Henin did not have height or power, but none of that mattered here. The French Open does not favor power the way the U.S. Open and even Wimbledon do. In Paris, it’s all about fitness and finesse. On a dry day, the red clay is hard and cool. The game is fast then, and power can be a factor, but if there is the slightest drizzle or humidity, the clay absorbs the moisture and then everything gets boggy and slow. The surface turns to soup and the points wind down and the clay holds up even the flattest, hardest stroke. Playing in those conditions is a question of persistence and experience. The pros who grew up on this surface feel its rhythm and know when to stop and slide, how to skid into a ball. They excel when it rains or has rained or will rain, which is usually the case at least once in the course of a tournament. The French Open has a way of doing in even great players. Jimmy Connors. John McEnroe. Martina Hingis. Venus Williams. None of them have won the French Open.

I beat Barbara Schwartz in straight sets in the first round, dropping just three games.

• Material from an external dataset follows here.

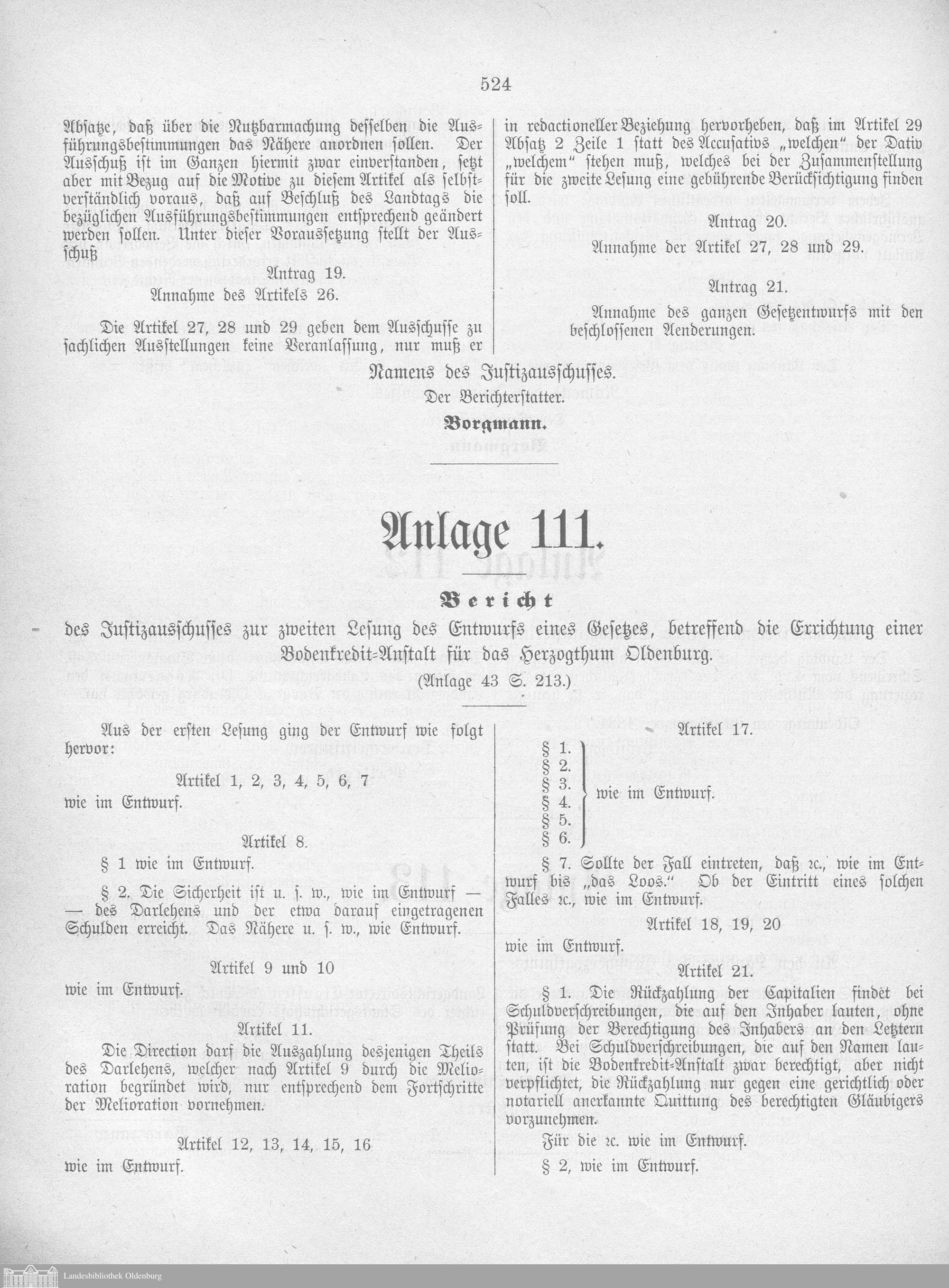 Verhandlungen der ... Versammlung des ... Landtags des Freistaats Oldenburg / Anlagen zu den Niederschriften und Berichten / Anlagen zu den Protokollen und Berichten
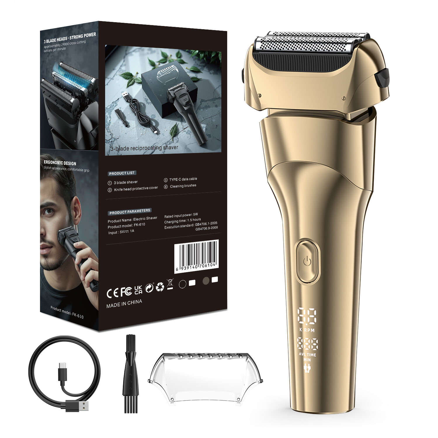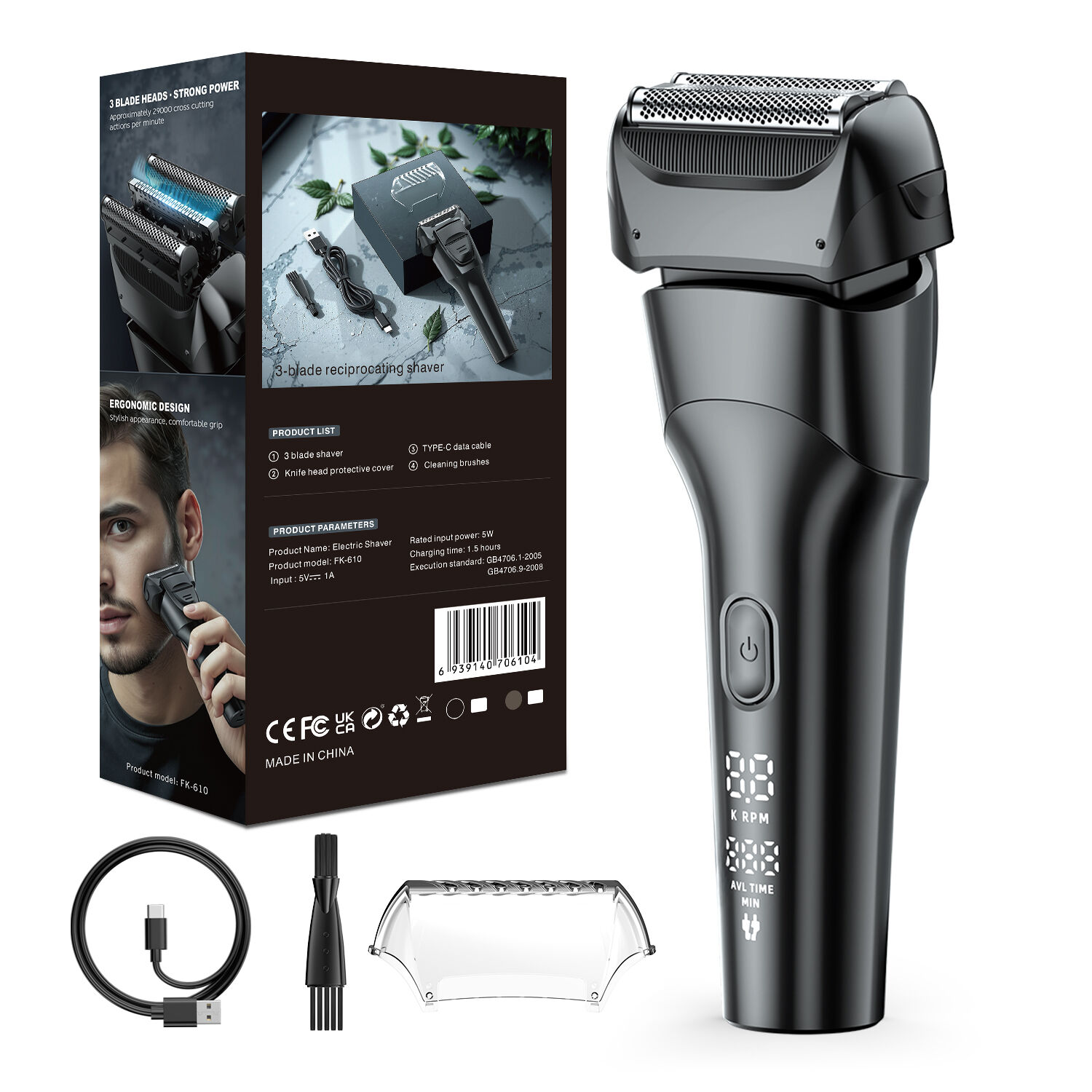 Model FK-610 został zaprojektowany z myślą o użytkowniku, dzięki czemu codzienne golenie staje się szybsze, bardziej komfortowe i efektywne:

She was an Austrian who had this one-handed, left-handed backhand that was never fun to play against. Second round? Straight sets again, this time over the Italian Rita Grande. I lost just two games. All the work I had done in the academy in Spain was paying off. I felt stronger on this surface than I’d ever felt before. The third round was a little more difficult. I faced another Russian, Vera Zvonareva, in this round. I might have won that match in straight sets, but something about her game made me uneasy, uncomfortable—as if we might always finish the match deep in the third set. It was straight sets again in the fourth round, this time over the German Marlene Weingärtner, known mostly for her stunning match with Jennifer Capriati at the 2003 Australian Open. She’d been down 6–4, 4–1, and somehow she came back to win. That was her moment.